Mr. George Walden (Buckingham) : I am interested in the historical perspective, which causes one to look at the future. Given that the printed media and broadcasting tend to influence one another, does my hon. Friend believe that the Broadcasting White Paper to be introduced next week will tend to raise or lower the standards of the British popular press?

Mr. Renton : My hon. Friend tries to lead me down an interesting path. I should like to follow him but we are to have a debate on Wednesday on the broadcasting White Paper, and it would be more convenient if I dealt with such matters then--if I am fortunate enough to catch Mr. Speaker's eye.

The question of the powers and responsibilities of the press has as long a history as the press itself. The hon. Member for Clydebank and Milngavie said in his interesting speech that papers were becoming ever more outrageous so as to attract readers. I hope that I have got his words right. Standards change in books and magazines just as they change in newspapers. Many things are printed today in all three of those areas of the media that would have greatly shocked and surprised many people a generation ago. Because of the change in standards it is hard to find a test of obscenity that can keep up with the pace of the times. That was why two of my hon. Friends tried to redefine obscenity in private Members' Bills that failed to get the support of the House.

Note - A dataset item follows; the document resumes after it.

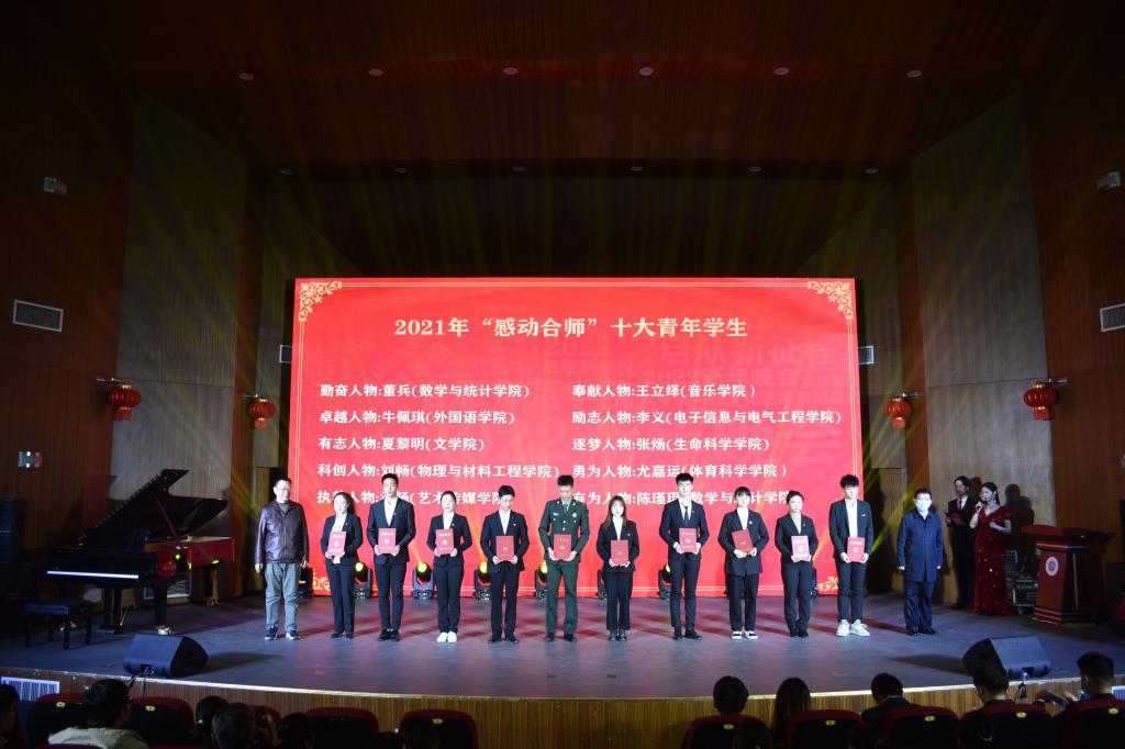 本次评选活动历时近两个月,得到各二级学院党组织的高度重视与大力支持。各二级学院团委、团支部严格按照评选活动的评选标准和程序要求,共推荐产生候选人38名,并根据候选人上报材料撰写了详细的人物事迹介绍。经过主办单位会议评审,最终确定10位同学获得“感动合师”十大青年学生称号,分别是:荣耀加身,数学天骄,关心集体,抗击疫情,用自己的实际行动诠释奋斗的青春无怨无悔的 “勤奋人物”――数学与统计学院董兵同学;严于律己,宽以待人,统筹全局,乐于奉献,甘为青春播下志愿的种子的“卓越人物”――外国语学院牛佩琪同学;乘风破浪,胸怀大志,用实际行动诠释坚持与突破,让励志青春绚烂怒放的“有志人物”——文学院夏黎明同学;不忘初心,开拓进取,团结同学,善于创新,投身于社会实践活动,披荆斩棘,以热血之火燃青春荣光的“科创人物”——物理与材料工程学院刘畅同学;满载梦想,以巾帼之姿奋勇前行,夙兴夜寐,用行动诠释执着的魅力的“执着人物”——艺术传媒学院沈扬同学;精益求精,不辱使命,任劳任怨,无私奉献。以己之力,抗疫情之险;以己之身,筑抗洪之墙的“奉献人物”——音乐学院王立绎同学;志存高远,坚韧不拔,用知识和努力充盈自己,用情感与双手奉献他人,以己微力诠释“有志者事竟成”的“励志人物”——电子信息与电气工程学院李义同学;壮志凌云,长风破浪,以“待到秋来九月八,我花开后百花杀”的精神奋力追梦的“逐梦人物”——生命科学学院张炀同学;国之健儿,民之勇士,于自己的安危之不顾,救孩童之生死关头,年轻的臂膀不仅可以为国争光,还可以点亮希望的“勇为人物”——体育科学学院尤嘉运同学;年少有为,展现精湛教学技艺,不忘初心,牢记民族复兴伟大使命的“有为人物”——数学与统计学院陈瑾琨同学。

The question before us is whether standards have changed to such an extent that it is right to look beyond the self-regulation of the Press Council, with which I shall deal later, to a novel form of legislation. I think that we all agree that those of us in public life are prone to public agitation about press matters. To appreciate that, one has only to look at the history of Bills which sought to change this area of the law. There was a great deal of debate about that last Friday. In many cases we have only ourselves to blame. How many times has an assiduous Member sent the text of his remarks to a local paper, only to find that the well-crafted paragraphs of his beautifully structured argument are left out in favour of the unwitting double entendre in the opening sentence? A former hon. Member, making a serious point in which he believed passionately, once began by saying, "There's a lot of bloody fools out there--and they deserve representation ". Fortunately, I do not think that he took himself so seriously as to demand a right of reply to the columns of humorous coverage that ensued.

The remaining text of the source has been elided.